*Directions for this task*. Your output should be everything below from the line containing "Als ich im Februar" down to the line containing "谷 そうたさんの外格は13画の5点!", both ends included, copied exactly, with pictures left out.

*Exercise inputs*.
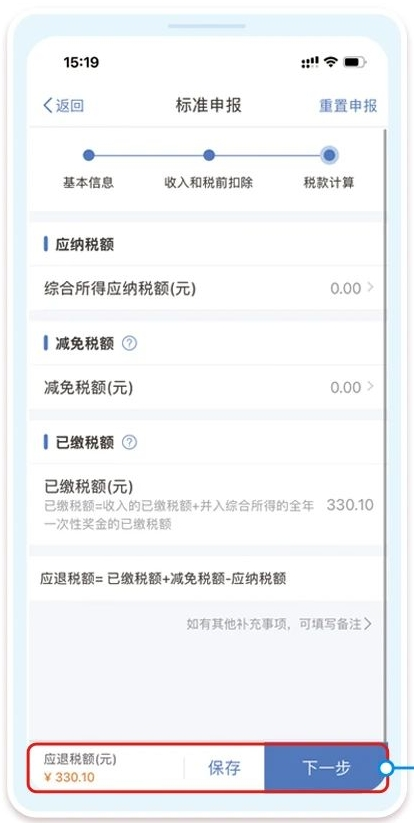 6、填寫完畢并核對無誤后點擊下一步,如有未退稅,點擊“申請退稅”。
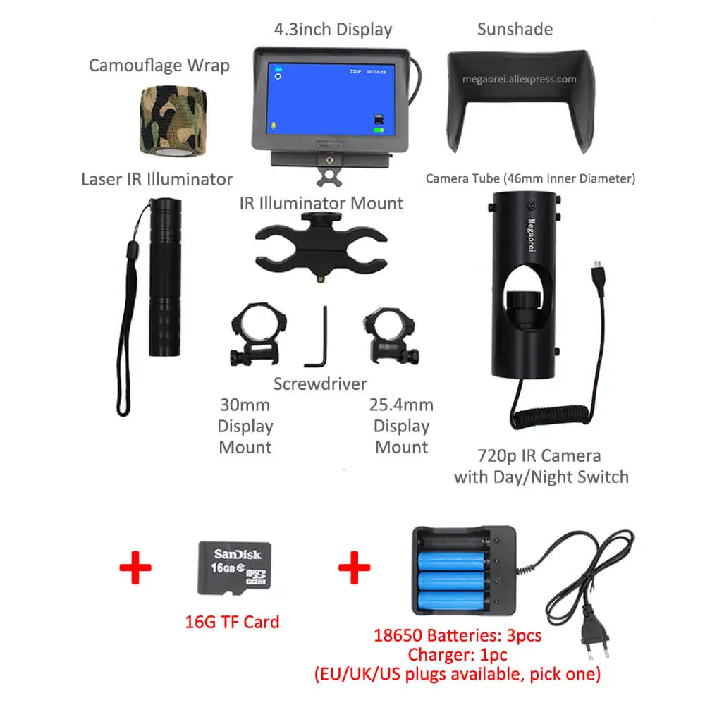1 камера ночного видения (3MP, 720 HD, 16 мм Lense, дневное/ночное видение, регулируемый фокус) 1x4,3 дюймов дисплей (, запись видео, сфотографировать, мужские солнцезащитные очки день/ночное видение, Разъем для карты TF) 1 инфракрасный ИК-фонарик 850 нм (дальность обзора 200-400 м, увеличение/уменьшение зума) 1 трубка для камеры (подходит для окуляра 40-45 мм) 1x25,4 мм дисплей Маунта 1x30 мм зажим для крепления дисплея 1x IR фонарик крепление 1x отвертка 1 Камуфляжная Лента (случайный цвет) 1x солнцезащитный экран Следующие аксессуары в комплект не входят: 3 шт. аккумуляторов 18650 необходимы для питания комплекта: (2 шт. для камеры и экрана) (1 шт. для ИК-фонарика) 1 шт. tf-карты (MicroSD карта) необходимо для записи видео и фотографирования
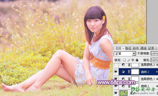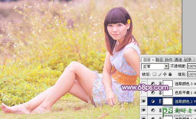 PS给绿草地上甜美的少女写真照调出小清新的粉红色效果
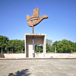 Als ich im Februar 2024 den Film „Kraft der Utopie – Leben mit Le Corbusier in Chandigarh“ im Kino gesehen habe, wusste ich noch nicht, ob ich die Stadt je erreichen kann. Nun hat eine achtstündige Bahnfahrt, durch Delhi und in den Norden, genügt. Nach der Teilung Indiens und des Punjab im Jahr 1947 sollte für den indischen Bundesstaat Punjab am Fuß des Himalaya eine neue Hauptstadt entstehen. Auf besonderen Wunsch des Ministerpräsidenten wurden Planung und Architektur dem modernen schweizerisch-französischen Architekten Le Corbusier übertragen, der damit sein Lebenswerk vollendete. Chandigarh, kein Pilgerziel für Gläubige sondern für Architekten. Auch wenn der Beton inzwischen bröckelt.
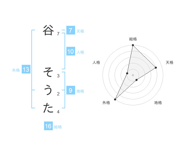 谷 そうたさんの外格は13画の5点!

--

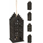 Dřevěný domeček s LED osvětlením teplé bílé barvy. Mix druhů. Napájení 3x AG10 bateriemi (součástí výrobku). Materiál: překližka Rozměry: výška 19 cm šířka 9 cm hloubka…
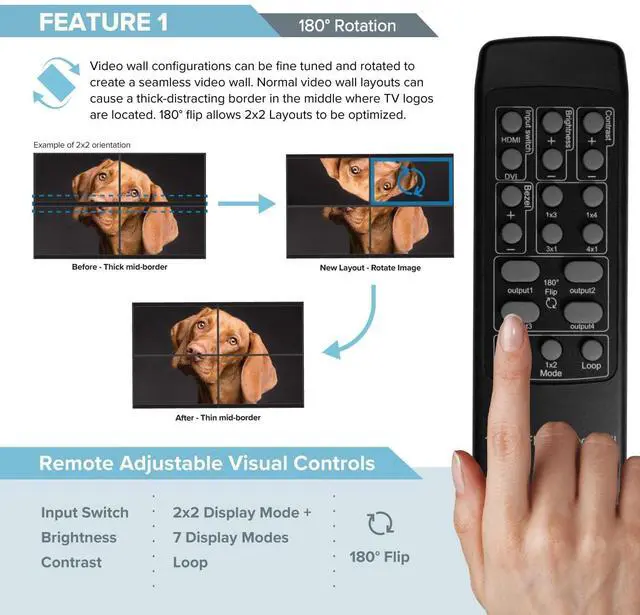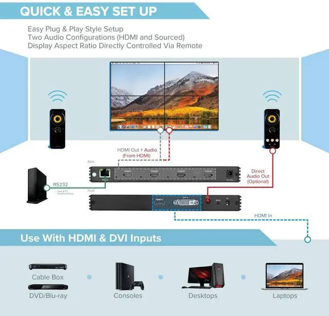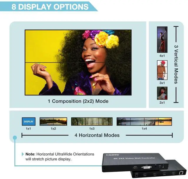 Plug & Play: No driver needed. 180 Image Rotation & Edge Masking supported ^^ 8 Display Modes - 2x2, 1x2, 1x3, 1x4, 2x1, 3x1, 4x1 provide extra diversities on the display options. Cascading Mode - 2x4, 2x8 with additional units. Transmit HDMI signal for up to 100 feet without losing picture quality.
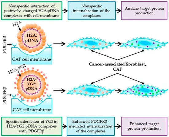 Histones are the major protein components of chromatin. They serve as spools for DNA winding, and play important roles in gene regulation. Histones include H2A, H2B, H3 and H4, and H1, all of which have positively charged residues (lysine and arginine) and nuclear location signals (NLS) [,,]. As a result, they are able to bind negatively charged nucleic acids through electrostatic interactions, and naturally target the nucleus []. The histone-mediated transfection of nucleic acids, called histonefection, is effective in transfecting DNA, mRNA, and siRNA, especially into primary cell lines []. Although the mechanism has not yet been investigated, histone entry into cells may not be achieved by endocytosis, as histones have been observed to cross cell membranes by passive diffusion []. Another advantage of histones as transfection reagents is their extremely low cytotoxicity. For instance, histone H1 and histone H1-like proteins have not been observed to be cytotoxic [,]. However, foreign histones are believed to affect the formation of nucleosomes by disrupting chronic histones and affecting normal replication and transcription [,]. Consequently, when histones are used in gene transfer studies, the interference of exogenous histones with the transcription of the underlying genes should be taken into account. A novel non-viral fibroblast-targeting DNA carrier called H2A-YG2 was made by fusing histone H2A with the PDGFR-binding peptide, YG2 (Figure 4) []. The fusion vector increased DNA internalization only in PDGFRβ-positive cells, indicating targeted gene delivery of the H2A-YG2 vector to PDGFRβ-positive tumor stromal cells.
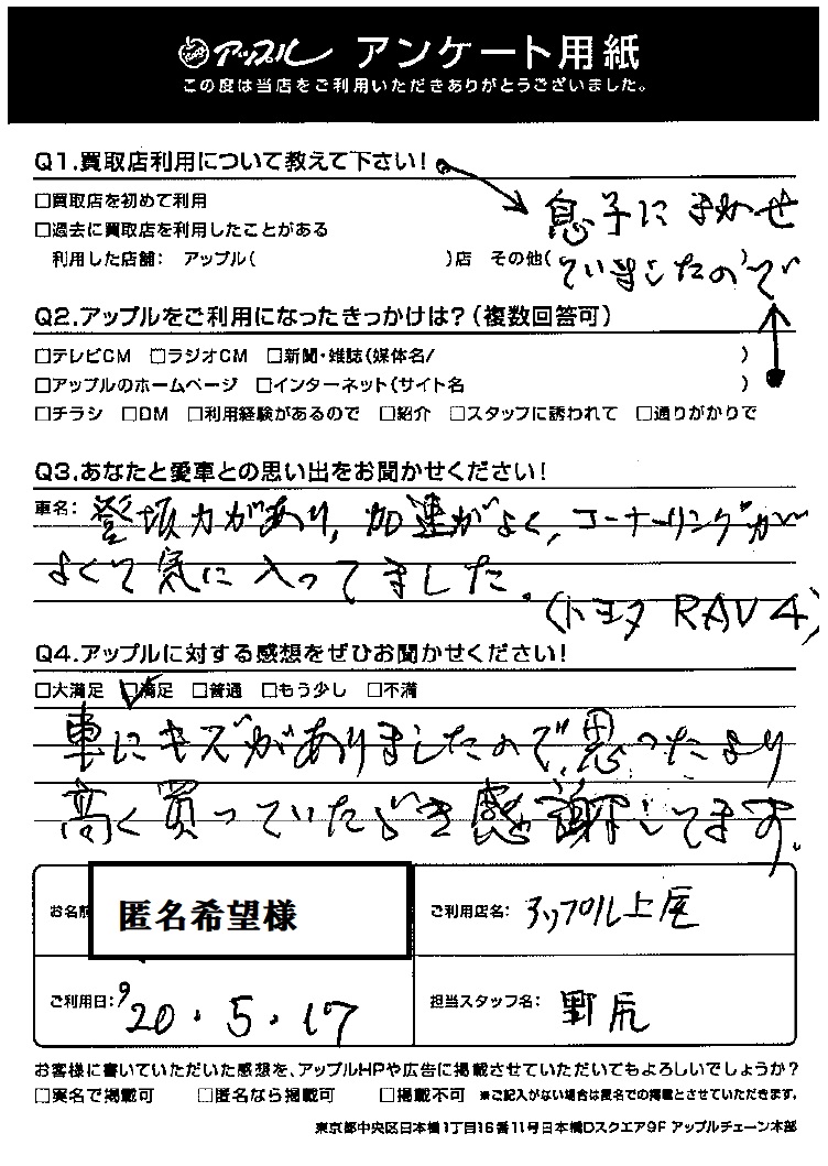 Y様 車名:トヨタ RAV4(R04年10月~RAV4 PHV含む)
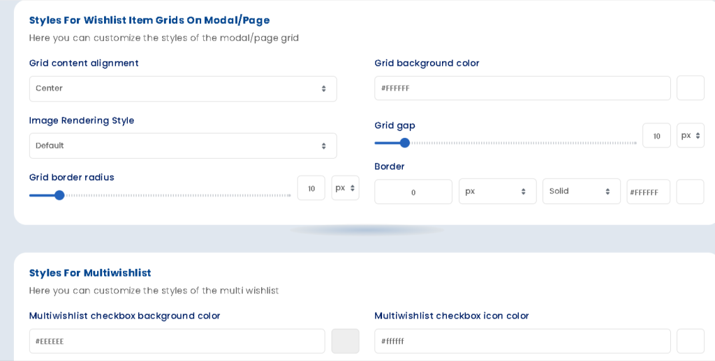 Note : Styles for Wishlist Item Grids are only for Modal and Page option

---

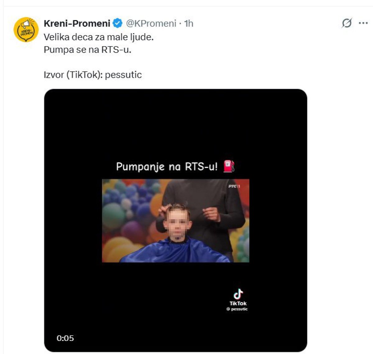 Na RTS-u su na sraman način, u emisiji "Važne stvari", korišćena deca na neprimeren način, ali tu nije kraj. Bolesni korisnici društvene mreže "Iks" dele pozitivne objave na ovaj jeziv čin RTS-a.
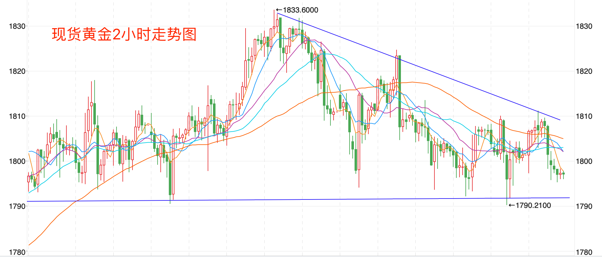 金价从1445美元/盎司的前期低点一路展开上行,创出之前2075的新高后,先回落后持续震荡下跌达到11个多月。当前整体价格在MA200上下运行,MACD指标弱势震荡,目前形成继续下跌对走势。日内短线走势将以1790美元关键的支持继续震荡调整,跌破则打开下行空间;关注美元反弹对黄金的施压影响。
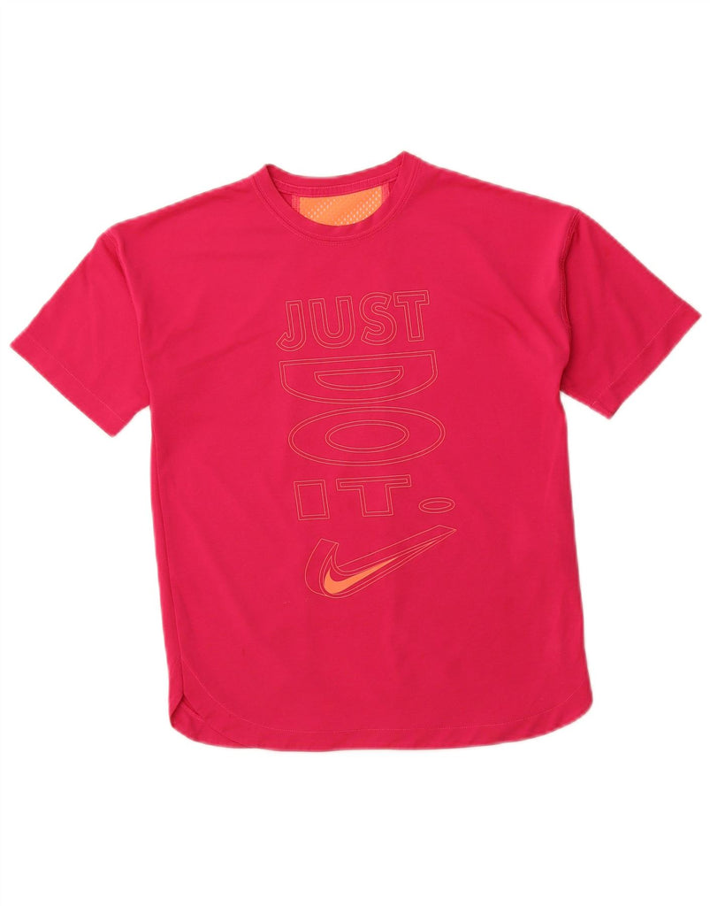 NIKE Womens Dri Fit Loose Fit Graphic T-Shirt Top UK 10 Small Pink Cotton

*Response*.
 Als ich im Februar 2024 den Film „Kraft der Utopie – Leben mit Le Corbusier in Chandigarh“ im Kino gesehen habe, wusste ich noch nicht, ob ich die Stadt je erreichen kann. Nun hat eine achtstündige Bahnfahrt, durch Delhi und in den Norden, genügt. Nach der Teilung Indiens und des Punjab im Jahr 1947 sollte für den indischen Bundesstaat Punjab am Fuß des Himalaya eine neue Hauptstadt entstehen. Auf besonderen Wunsch des Ministerpräsidenten wurden Planung und Architektur dem modernen schweizerisch-französischen Architekten Le Corbusier übertragen, der damit sein Lebenswerk vollendete. Chandigarh, kein Pilgerziel für Gläubige sondern für Architekten. Auch wenn der Beton inzwischen bröckelt.
 谷 そうたさんの外格は13画の5点!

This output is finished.